Alla morte del padre, l’autore rimane solo con la madre, che è una cristiana fervente e che giudica ogni comportamento non conforme ai dogmi religiosi come pazzia. Per lei anche la scrittura e la poesia sono peccato, perché allontanano dalla fede. L’autore prova allora a raccontare la sua vita in nove parabole, che corrispondono a nove fogli mancanti del quaderno di poesie del padre; i fogli mancano perché la madre strappa alcune pagine e brucia il quaderno ma cerca in un secondo tempo di salvarlo dalle fiamme.
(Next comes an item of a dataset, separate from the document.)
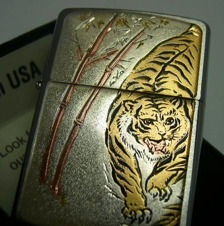 《< 新品正規品 伝統技法 電鋳( 電気鋳造) 和板シリーズ「虎タイガー」 ZIPPO オイルライター >》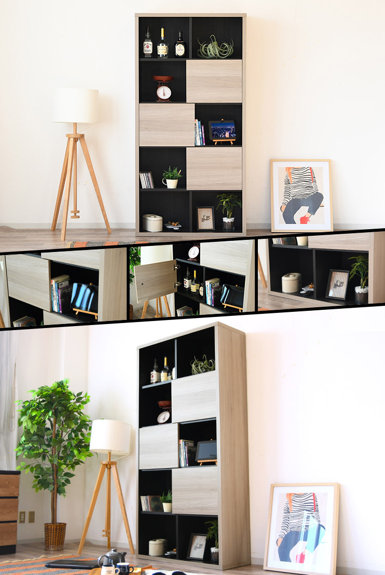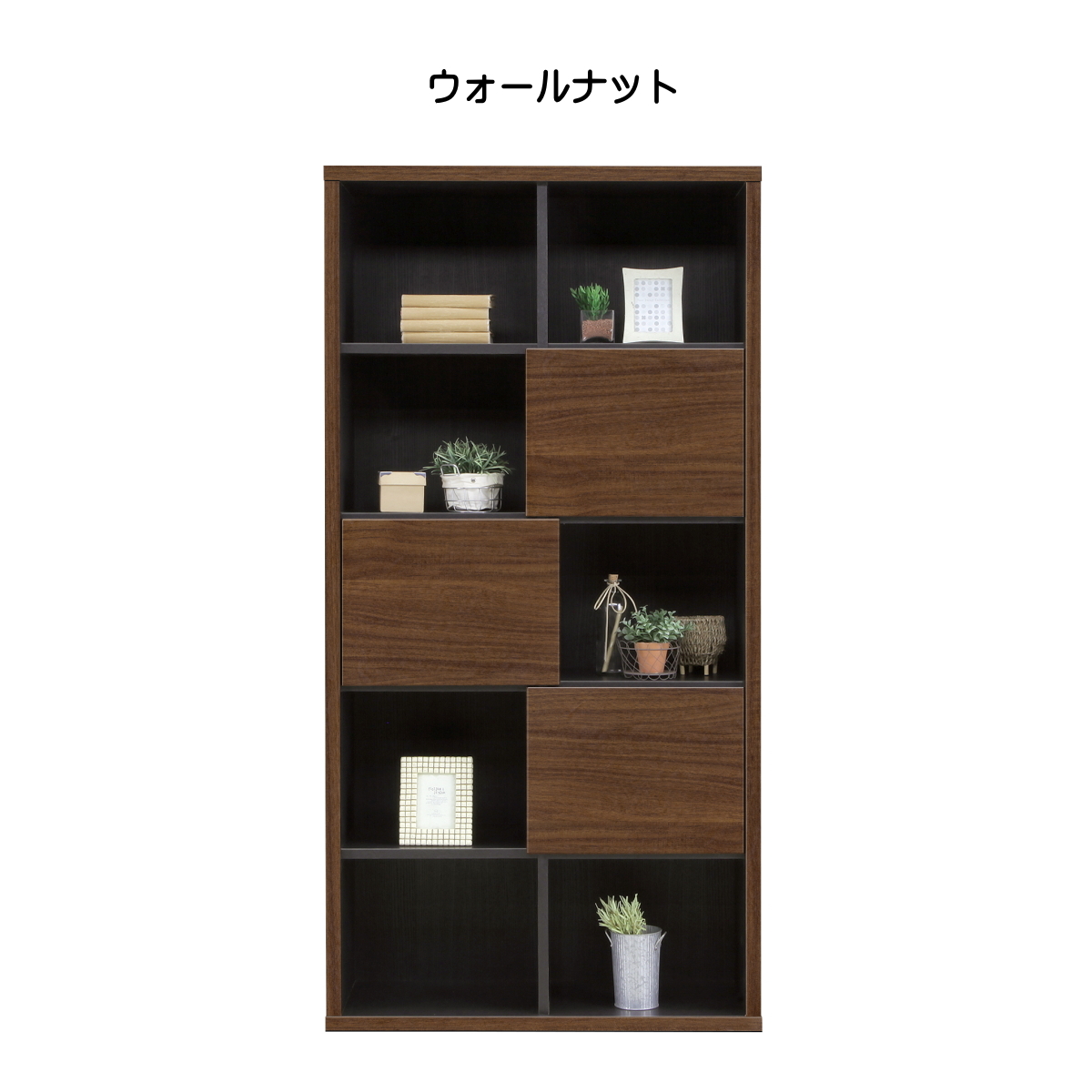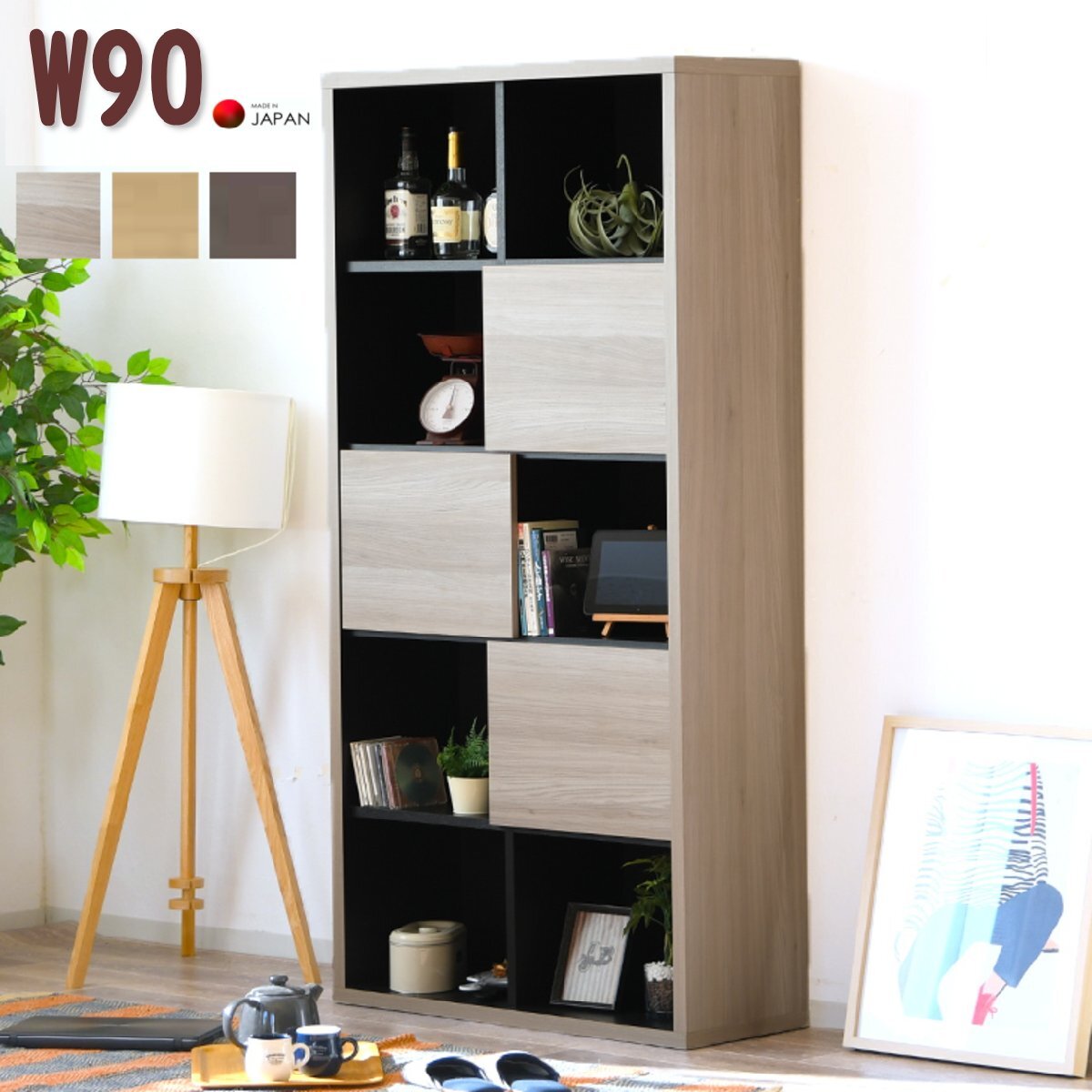 フリーボード ブックスタンド オープンラック ボックス 木製キャビネット ハイタイプ 幅90cm ウォールナット

Le nove pagine mancanti probabilmente contenevano poesie d´amore, distrutte dalla madre perché l´unica poesia possibile per lei è quella dell´antico testamento.
Queste parabole fanno il riassunto della vita di Enquist e parlano d’amore, un argomento che lui fa fatica a trattare e per questo finora trascurato. La narrazione è in terza persona, forse perché con tale tecnica è più facile essere meno coinvolti, è pesante, sconnessa, con frequenti salti temporali, difficile, con un’attenzione ossessiva al sesso e alla religione. Senza ragioni apparenti e senza un filo conduttore appaiono artisti, filosofi e musicisti. E c’è anche il tema della pazzia, personale e sociale. Le parabole alla fine sembrano dei dialoghi che l’autore intrattiene principalmente con sé stesso.
Il libro all’inizio mi ha confuso parecchio, non riuscivo a capirne il senso, a trovare la relazione tra la storia principale e quelle parallele, forse perché tanti temi vengono introdotti senza ordine e spiegati solo più tardi nella narrazione.
Uno degli episodi giovanili che ha segnato tutta la sua esistenza è stata la sua prima esperienza sessuale. Lui aveva 15 anni, lei 51. L’incontro colpisce il ragazzo nel profondo.
“E ora capiva, per la prima volta, quello che aveva appena intuito: che era quello il senso della vita. Aveva visto la luce. Era quella la vita”.
“Da allora aveva sempre considerato la sessualità come un aprire la propria porta più intima a un’altra persona. C’erano altre porte, ma quelle era la più intima, la fondamentale. Lui apriva, lei apriva, ed entravano uno nell’altra per un incontro forse breve, che poteva essere bello o sbagliato, ma si svolgeva comunque nella stanza più intima. Si entrava uno nell’altra, e poi niente era più come prima. Qualcuno lo definiva un esercizio di potere. Non aveva mai capito perché. Non si esercita nessun potere visitando insieme la stanza più intima. Anzi, si abolisce ogni potere, e si resta completamente indifesi. È l’unico istante in cui si può essere indifesi senza avere paura. Poi si lascia la stanza più intima, si pensa ecco, la porta si è richiusa, ma ci si ricorda di com’è stato. Si era stati là insieme, ed era una pace perfetta.”
Il ricordo di quella donna rimane continuamente i suoi pensieri fino ad ossessionarlo. L’esperienza è descritta con pagine magistrali, con un´atmosfera di tenerezza, eccitazione ed erotismo e senza alcuna volgarità. Molto bello è anche il secondo incontro, nostalgico ma anche molto romantico, con la stessa donna a distanza di tanti anni.
Le nove parabole, complesse, suggestive, spesso poetiche, sono probabilmente tentativi di coniugazione di religiosità, peccato e natura umana. La sofferenza è inevitabile, ma può essere mitigata raccontando delle storie, sviscerando le nostre paure, le nostre sensazioni, i nostri desideri. Forse le parabole evidenziano quei momenti che sono stati fondamentali per quello che siamo riusciti o non siamo riusciti a diventare. Bellissimi i contenuti di questo libro.